400 South Jamesport Avenue
Jamesport NY, 11947

On a recent Saturday night, in celebration of our upcoming five-year wedding anniversary, my wife Aimee and I came to be at the Jebediah Hawkins Inn in Jamesport on the North Fork of Long Island. Our seats were in the main dining room of the Inn that has been painstaking restored by Chef Keith Luce, who purchased the Inn in 2010. Lined with linen wall coverings, and eschewing white tablecloth for woven, earth toned placemats, the room had an immediately calming effect. It was much needed, as just getting out of the house required an extra half-hour wait for our babysitter to arrive, and a good deal of time was spent having an adult discussion (argument) over whether we should even be going out in the first place. Within five minutes of sitting down all of the tension subsided. The main dining room, lined with murals of farm vistas and filled with the strains of the Buena Vista Social Club, could double as bucolic meditation room, American Zen Gothic if you will.

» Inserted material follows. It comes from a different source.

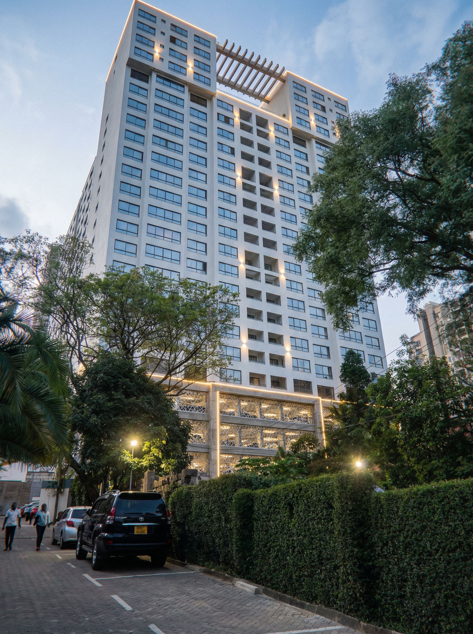 PromptRENDER OF A BUILDING IN MUTHAIGA AREA IN KENYA. USE WHITE WALL MASTER ON THE BUILDING. MAKE THE GLASS CLEAR, TRANSPARENT AND REALISTIC. INCREASE THE THE HEIGHT TWO SIDES BY ONE FLOOR AS INDICATED WITH THE RED FILL. CONNECT THE TWO RESULTANT TOWERS BY A CONCRETE PERGOLLA PROJECTING SLIGHTLY OUTWARDS ON THE ROOF AS SHOWN WITHN THE BLACK LINES. THE FIRST 4 LEVELS ARE PARKING LEVELS COVERED WITH ALUMINIUM LATTICE WORK FRAMED BY CONCRETE BEAM. Use rope lights, spot lights and street lights on the building., keep exact camera angle

The menu at Luce and Hawkins changes as the market does, and illustrates the strange dichotomy of offerings available from Luce’s kitchen that alternate from new American to Asian. Luce, a former White House sous-chef who has plied his trade to considerable acclaim in San Francisco, Chicago and Seattle, recently brought aboard Japanese chef Minoru Suzuki to add an antipodal influence to the menu. The story of Chef Suzuki, who arrived in New York the day after March’s tsunami rattled his homeland, is so dramatic it warrants a separate, full length article. His influence on the menu is such that it almost deserves the same. An appetizer of seared duck breast came first, ingeniously brightened by a halved orange, hidden underneath a pile of paper thin, julienned vegetables and touched with a trace of spice. It was halfway through the dish before I discovered where the citrus grace notes were coming from. Japanese inspired deviled eggs came next. The yolks whipped to a creamy peak, and touched with black sesame were a mind blowing take on American culinary kitsch.

The entrée of monkfish with ramps was so elegant in design and so flawlessly executed that it spent roughly two minutes and 38 seconds on the plate before it vanished. Slight exaggerations aside, the gusto with which I attacked the dish did not go unnoticed. “You obviously didn’t like that” was the sarcastic quip from our server. Foie gras, ever the high end chef’s muse, came out smartly paired with sourdough cake and pickled rhubarb. It was as it should be, the melting fattiness of the foie dovetailing nicely with the crumbly cake. An entrée of pork belly and shrimp, dusted with spices, came with crepes and lettuce to wrap them in, and touched on France, America and Japan. The simplicity with which the dish played off those various traditions was why the dish melded so successfully. Ultimately, this is still the house that Luce built though and it’s a tribute to him that the kitchen is able to straddle continents so seamlessly.